The efforts to improve from dead ball situations are clearly paying off as City sit atop the A-League table as firm favourites to clinch a second consecutive Premier’s Plate. However, the altered routines designed by Kisnorbo and his backroom staff help to explain how they have remained so successful over the course of multiple seasons.
The Mombaerts Era
Under Frenchman Mombaerts, Melbourne City adopted a very consistent approach from corners as his side almost exclusively used short corners to their advantage. In most scenarios, these short corners were designed to draw an extra opposition player away from the penalty area as they would seek to close down the second City player positioning himself next to the corner taker.
However, in most cases, the ball would be swiftly rolled out by the corner taker to the second man who would quickly cross the rolling ball before being closed down by the opposition marker.
The team’s six goals from corners placed them 3rd in the league in that area despite finishing 2nd on the table at the end of the season. Of their six goals from corners, all six came from a short corner or a deceptive fake short corner where the second man would draw out the opposition marker from the penalty area, but the corner would be taken normally.
Along with being instructed to almost exclusively use short corners, Mombaerts would almost exclusively send five players into the box for these attacking set pieces as he looked to get the ball onto the heads of Delbridge and Good.
This was the case when Good scored directly from a corner against Central Coast Mariners after a well taken assist by Lachlan Wales.
The tall brigade of Good, Delbridge, Conor Metcalfe and Rostyn Griffiths crowded together as another player was positioned on the goal-line in an attempt to obstruct the vision of Mark Birighitti.
Noone then rolls the ball out to Wales as a short corner before the youngster slashes in a cross to the front post where Good makes a well timed run.
Adrian Luna and Scott Galloway also play in an important role in this set piece routine.
Both are principally positioned near the edge of the box to collect any second balls that are headed away from the penalty area by the opposition. By positioning himself in the half-space (defined as the area between the centre of the pitch and the wing), Galloway can also receive a pass from Wales with an angle where he can deliver a cross to the back post.

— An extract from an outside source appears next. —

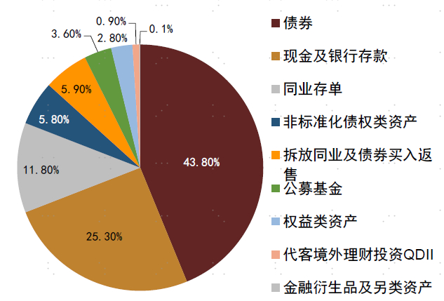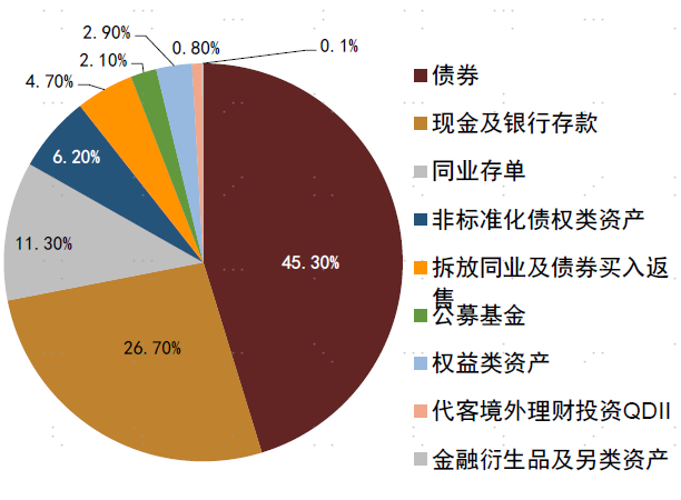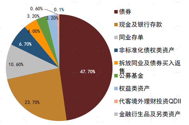 注:理财年报中一般只披露各类资产占理财投资资产余额的比例,而不直接披露理财持有各类资产的绝对量,而且“理财投资资产余额”与“理财产品存续余额”可能也有一定差异。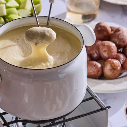 Serve immediately or keep warm gently. Fondue is best enjoyed right away, but if it needs to hang out, keep it over very low heat and give it an occasional stir.

With five players in the box, two preparing to take the set-piece and two protecting second balls, one of the full-backs acted as the team’s one screening protector in these situations, often positioning themselves on the half-way line ready to swipe out transition opportunities if the opposition were to break away quickly.
On corner kicks from the left hand side, Galloway would play this role and Jamieson would be on the edge of the box closest to the corner taker, ready to collect second balls but also deliver a cross with his preferred foot if needed. The vice-versa is true of corner kicks from the right hand side.
An almost identical situation unfolded just a few games earlier against Adelaide.
Jamieson, one of the two players protecting from second balls, receives the ball from one of the two players taking the corner. He then places a beautifully weighted cross under almost no pressure to Jamie Maclaren who leaps at the back post to score a goal with his head.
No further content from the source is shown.